-- Extracted data follows --

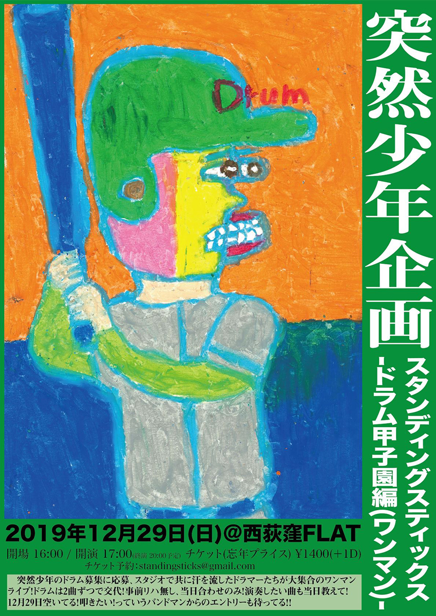 突然少年による企画『スタンディングスティックス-ドラム甲子園編(ワンマン)-』が12/29に西荻窪のLive House FLATにて開催される。
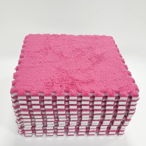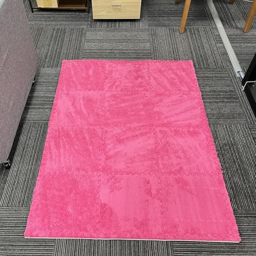 Generic - 12 Piece Interlocking Foam Mat Soft Fluffy Floor Mat Exercise Mat for Kids Room Home Bedroom Floor Protector 30x30cm (Fuchsia)
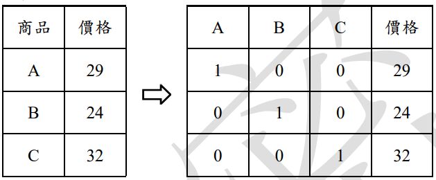 13. 參考附圖,是使用下列何者編碼方式對類別資料進行轉換? (A) 頻率編碼(Frequency Encoding) (B) 序號編碼(Ordinal Encoding) (C) 標籤編碼(Label Encoding) (D) 單熱編碼(One-Hot Encoding)
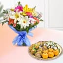 Assorted Dry Fruit Sweets from Adyar Ananda Bhawan with Seasonal Flower Bouquet
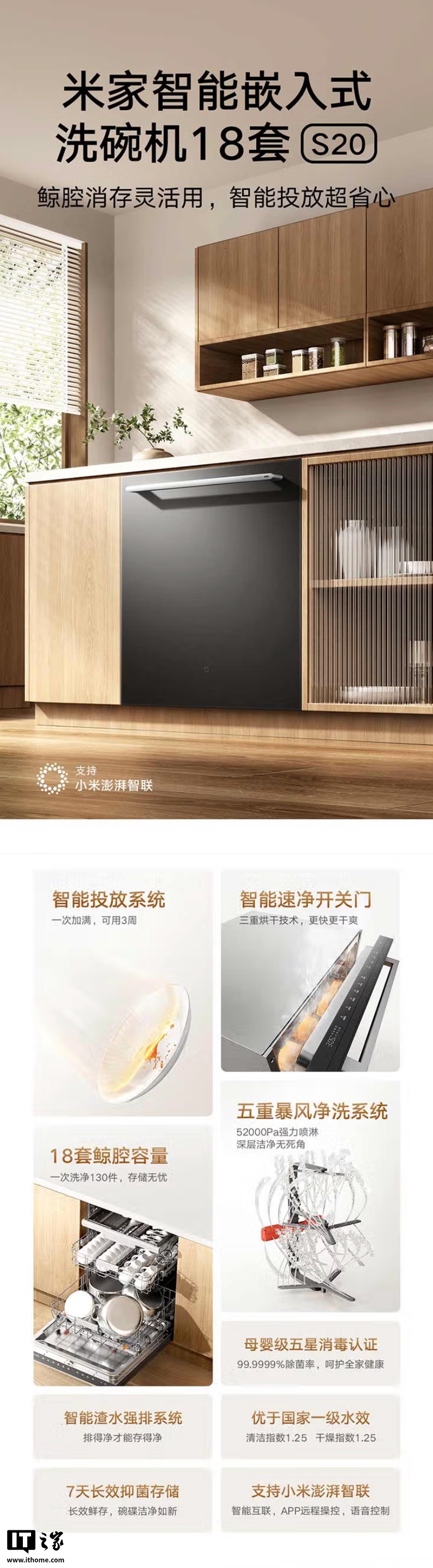 IT之家 4 月 29 日消息,小米米家智能嵌入式洗碗机 18 套 S20 将于今晚 8 点在京东开售,该洗碗机洗碗机标准价 4699 元,首发价 4299 元,国补价 3439.2 元起。
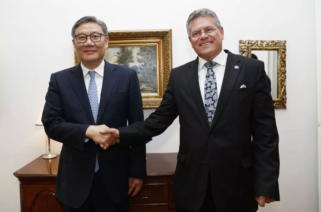 王文濤與歐盟貿易專員謝夫喬維奇圍繞中歐經貿合作緊迫而重要的議題。商務部圖片
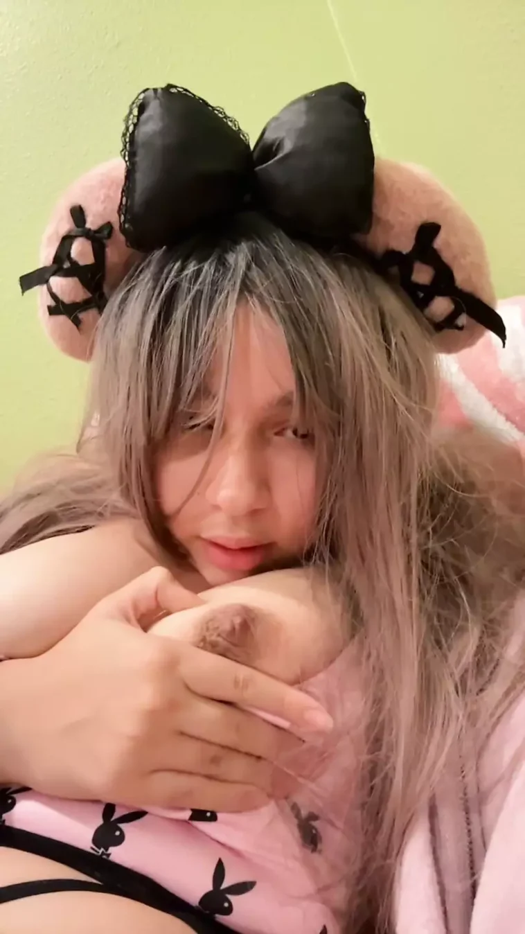 Chubby bunny girl plays with her creamy pussy and sucks her big boobs
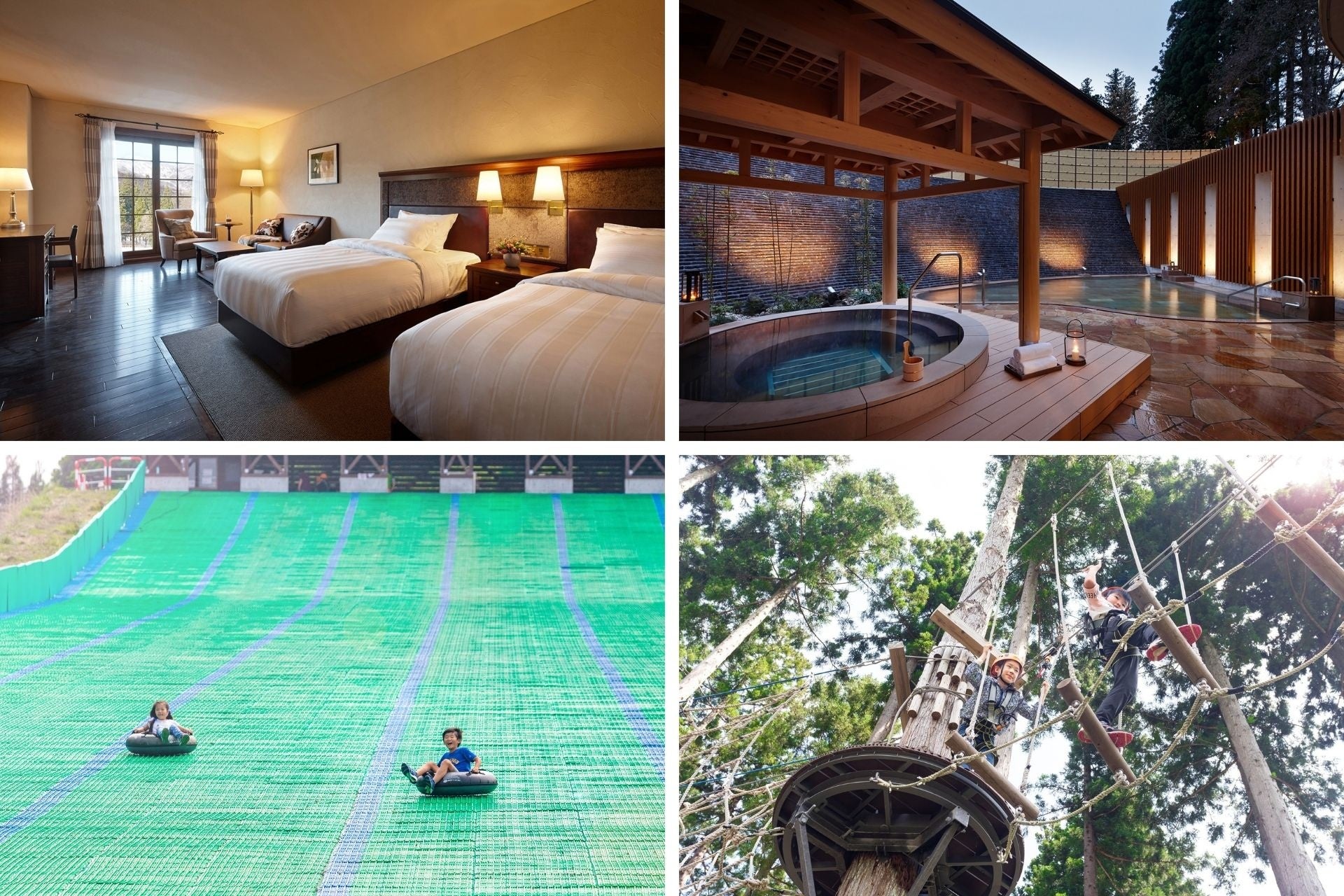 敷地内では、全14コースを誇るスキー場をはじめ、アジア最大級の全長1,501mのジップツアー、ツリーアドベンチャー、スパ、プール、レストラン、カフェ、ファンクションルームなど、多彩なアクティビティと施設が充実しています。グリーンシーズンには新緑と澄んだ空気に包まれながら、雄大な山並みをお楽しみいただけます。また、天然温泉「星空温泉」では、満天の星を眺めながらゆったりとしたひと時をお過ごしいただけます。日常を離れ、自然豊かなリゾートで心安らぐ特別な時間をお過ごしください。
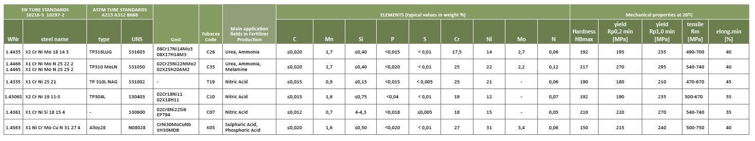In our Special Tube Mill we manufacture seamless tubes for fertilizer production equipment using high purity steel either produced in our Tubacex steel mill or purchased from our long-term business partners. Our quality control department supervises every step in the production process complying with the most stringent international codes and standards. We supply seamless stainless steel tubes in the most common urea grades: 316L UG (1.4435), 25.22.2 (1.4466) or S32906, as well as some other grades used in Nitric Acid for demanding acid environments or applications. Tubes of these grades have capable proven track records and are meeting the strict requirements in the operation of urea plants. The most typical applications for SBER/Tubacex tubes in the Urea field are strippers, condensers, scrubbers or HP piping.

-- Extracted data concluded --

■ **Task details**: Would you set down the material exactly as it stands, without the pictures?

■ **Written answer**:
 突然少年による企画『スタンディングスティックス-ドラム甲子園編(ワンマン)-』が12/29に西荻窪のLive House FLATにて開催される。
 Generic - 12 Piece Interlocking Foam Mat Soft Fluffy Floor Mat Exercise Mat for Kids Room Home Bedroom Floor Protector 30x30cm (Fuchsia)
 13. 參考附圖,是使用下列何者編碼方式對類別資料進行轉換? (A) 頻率編碼(Frequency Encoding) (B) 序號編碼(Ordinal Encoding) (C) 標籤編碼(Label Encoding) (D) 單熱編碼(One-Hot Encoding)
 Assorted Dry Fruit Sweets from Adyar Ananda Bhawan with Seasonal Flower Bouquet
 IT之家 4 月 29 日消息,小米米家智能嵌入式洗碗机 18 套 S20 将于今晚 8 点在京东开售,该洗碗机洗碗机标准价 4699 元,首发价 4299 元,国补价 3439.2 元起。
 王文濤與歐盟貿易專員謝夫喬維奇圍繞中歐經貿合作緊迫而重要的議題。商務部圖片
 Chubby bunny girl plays with her creamy pussy and sucks her big boobs
 敷地内では、全14コースを誇るスキー場をはじめ、アジア最大級の全長1,501mのジップツアー、ツリーアドベンチャー、スパ、プール、レストラン、カフェ、ファンクションルームなど、多彩なアクティビティと施設が充実しています。グリーンシーズンには新緑と澄んだ空気に包まれながら、雄大な山並みをお楽しみいただけます。また、天然温泉「星空温泉」では、満天の星を眺めながらゆったりとしたひと時をお過ごしいただけます。日常を離れ、自然豊かなリゾートで心安らぐ特別な時間をお過ごしください。
In our Special Tube Mill we manufacture seamless tubes for fertilizer production equipment using high purity steel either produced in our Tubacex steel mill or purchased from our long-term business partners. Our quality control department supervises every step in the production process complying with the most stringent international codes and standards. We supply seamless stainless steel tubes in the most common urea grades: 316L UG (1.4435), 25.22.2 (1.4466) or S32906, as well as some other grades used in Nitric Acid for demanding acid environments or applications. Tubes of these grades have capable proven track records and are meeting the strict requirements in the operation of urea plants. The most typical applications for SBER/Tubacex tubes in the Urea field are strippers, condensers, scrubbers or HP piping.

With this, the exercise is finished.